## Task details
Restate the data below word for word, and let no image into your version.

## Material provided
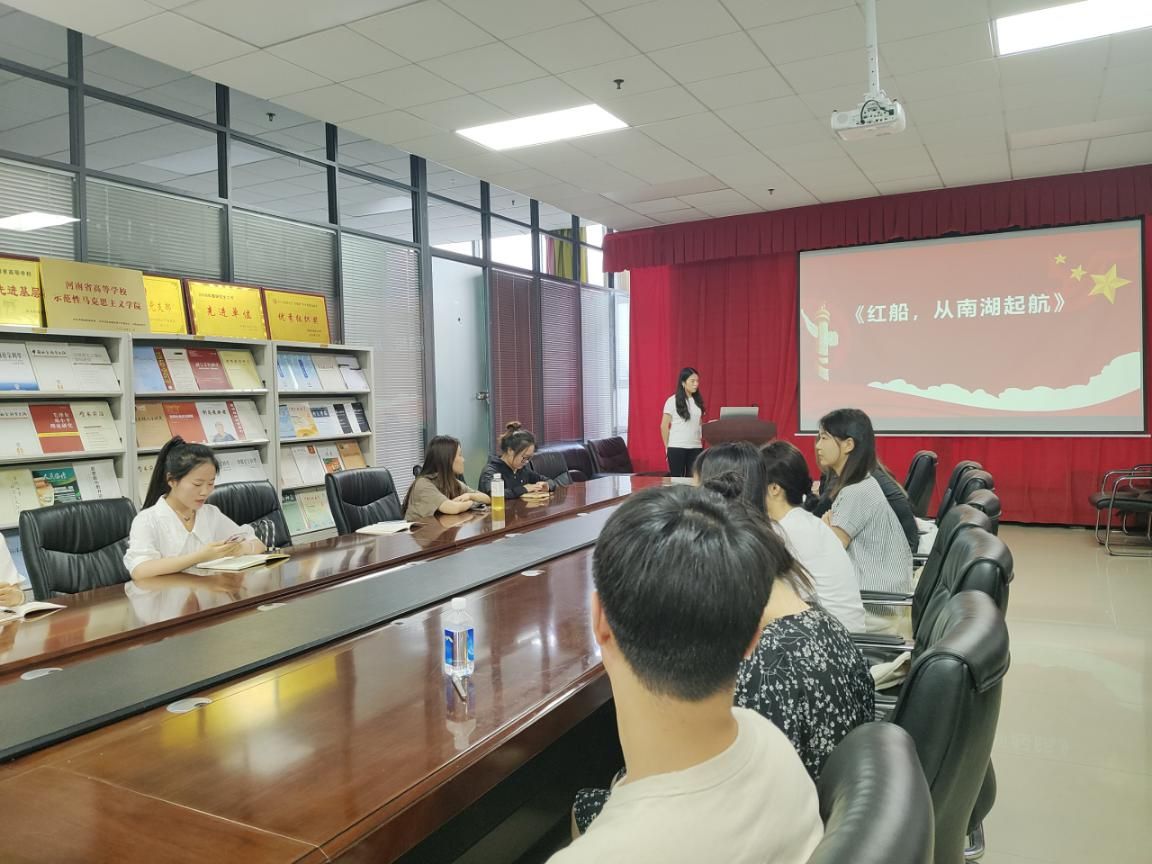 马克思主义学院研究生第一党支部的郭浩宇声情并茂的朗诵了《红船,从南湖起航》,让全体党员感受到了百年前从南湖启航的小船,承载着中国人民对独立自主的渴望、对繁荣富强的期盼;张婷婷、杨珂馨朗诵的《红船的方向》,带大家回顾了中国历史上开天辟地的伟大时刻,催人奋进。
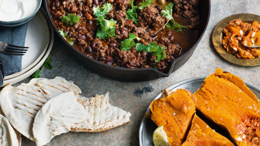 Wipe the squash clean and bake it whole on a small roasting tray next to or under the casserole for around 1½-2 hours, until the skin colours and sinks. To serve, slice it in half and remove the seeds. Tip any juice that’s cooked out back over the flesh and season generously with salt, black pepper and extra virgin olive oil. Serve the chilli and squash with sour cream, plus flatbreads or rice.
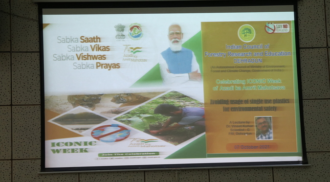 Celebration of Bharat ka Amrut Mahotsav (Iconic-Week 4th-10 October 2021) Awareness programme to Avoid the Single Use Plastic at ICFRE, Dehradun on 7th October 2021

## Reply to the exercise
 马克思主义学院研究生第一党支部的郭浩宇声情并茂的朗诵了《红船,从南湖起航》,让全体党员感受到了百年前从南湖启航的小船,承载着中国人民对独立自主的渴望、对繁荣富强的期盼;张婷婷、杨珂馨朗诵的《红船的方向》,带大家回顾了中国历史上开天辟地的伟大时刻,催人奋进。
 Wipe the squash clean and bake it whole on a small roasting tray next to or under the casserole for around 1½-2 hours, until the skin colours and sinks. To serve, slice it in half and remove the seeds. Tip any juice that’s cooked out back over the flesh and season generously with salt, black pepper and extra virgin olive oil. Serve the chilli and squash with sour cream, plus flatbreads or rice.
 Celebration of Bharat ka Amrut Mahotsav (Iconic-Week 4th-10 October 2021) Awareness programme to Avoid the Single Use Plastic at ICFRE, Dehradun on 7th October 2021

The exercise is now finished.